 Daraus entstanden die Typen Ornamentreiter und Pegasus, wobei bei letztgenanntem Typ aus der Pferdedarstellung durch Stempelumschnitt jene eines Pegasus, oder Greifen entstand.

==

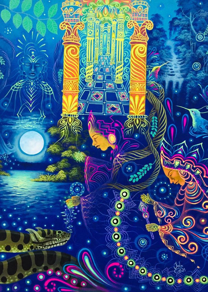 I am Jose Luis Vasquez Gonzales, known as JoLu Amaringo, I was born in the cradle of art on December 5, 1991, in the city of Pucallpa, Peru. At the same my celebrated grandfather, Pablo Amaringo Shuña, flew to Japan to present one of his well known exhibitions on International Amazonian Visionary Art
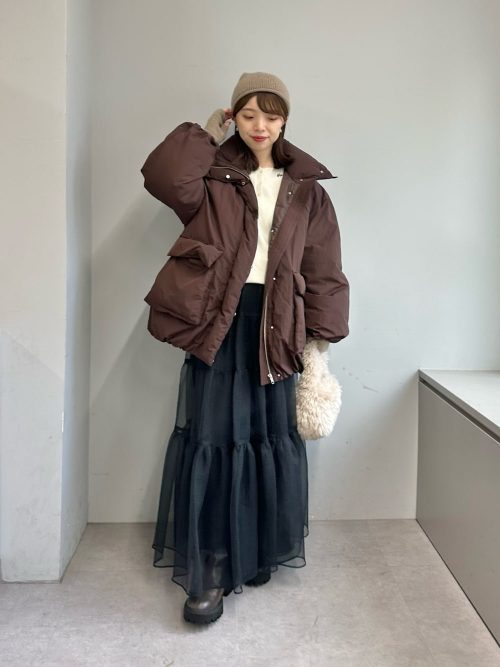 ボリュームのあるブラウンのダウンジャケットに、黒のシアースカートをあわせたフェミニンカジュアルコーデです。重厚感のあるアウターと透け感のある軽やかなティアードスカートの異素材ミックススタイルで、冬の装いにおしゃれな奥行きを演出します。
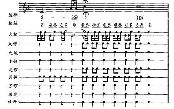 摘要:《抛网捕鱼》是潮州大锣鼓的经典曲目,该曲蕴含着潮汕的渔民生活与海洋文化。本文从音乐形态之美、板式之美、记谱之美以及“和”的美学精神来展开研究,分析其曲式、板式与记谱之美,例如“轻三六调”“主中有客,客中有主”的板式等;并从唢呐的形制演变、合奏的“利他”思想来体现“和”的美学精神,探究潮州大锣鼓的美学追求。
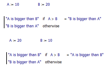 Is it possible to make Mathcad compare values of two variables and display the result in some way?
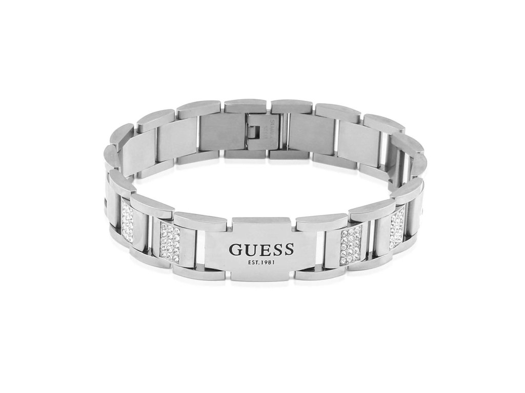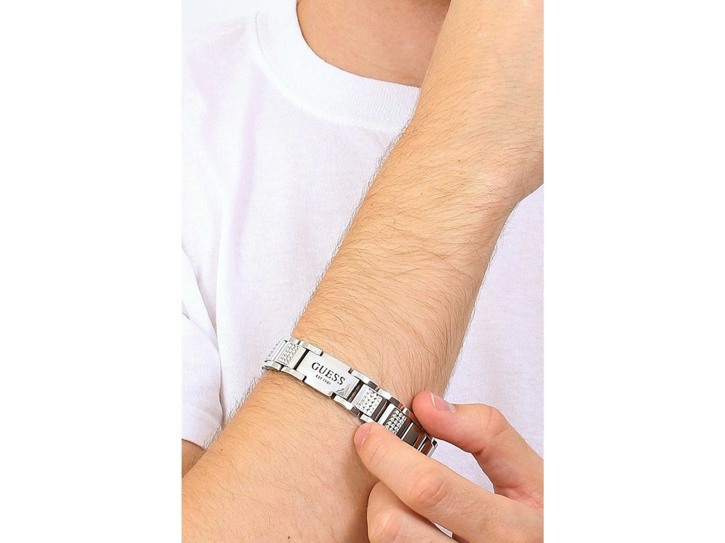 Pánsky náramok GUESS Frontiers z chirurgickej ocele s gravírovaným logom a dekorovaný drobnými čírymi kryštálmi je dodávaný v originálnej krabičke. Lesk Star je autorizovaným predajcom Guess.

--

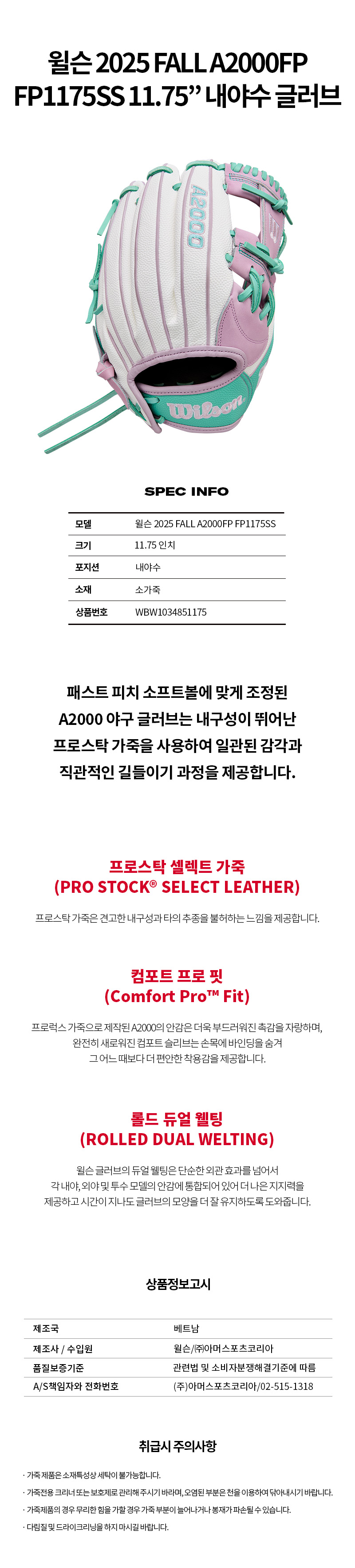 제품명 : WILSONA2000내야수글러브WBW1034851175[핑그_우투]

→ Task goal: In the listing above, find the line containing "ボリュームのあるブラウンのダ" and the line containing "摘要:《抛网捕鱼》是潮州大锣", then return both of them and every line between, exactly, without pictures.

→ Response for this exercise:
 ボリュームのあるブラウンのダウンジャケットに、黒のシアースカートをあわせたフェミニンカジュアルコーデです。重厚感のあるアウターと透け感のある軽やかなティアードスカートの異素材ミックススタイルで、冬の装いにおしゃれな奥行きを演出します。
 摘要:《抛网捕鱼》是潮州大锣鼓的经典曲目,该曲蕴含着潮汕的渔民生活与海洋文化。本文从音乐形态之美、板式之美、记谱之美以及“和”的美学精神来展开研究,分析其曲式、板式与记谱之美,例如“轻三六调”“主中有客,客中有主”的板式等;并从唢呐的形制演变、合奏的“利他”思想来体现“和”的美学精神,探究潮州大锣鼓的美学追求。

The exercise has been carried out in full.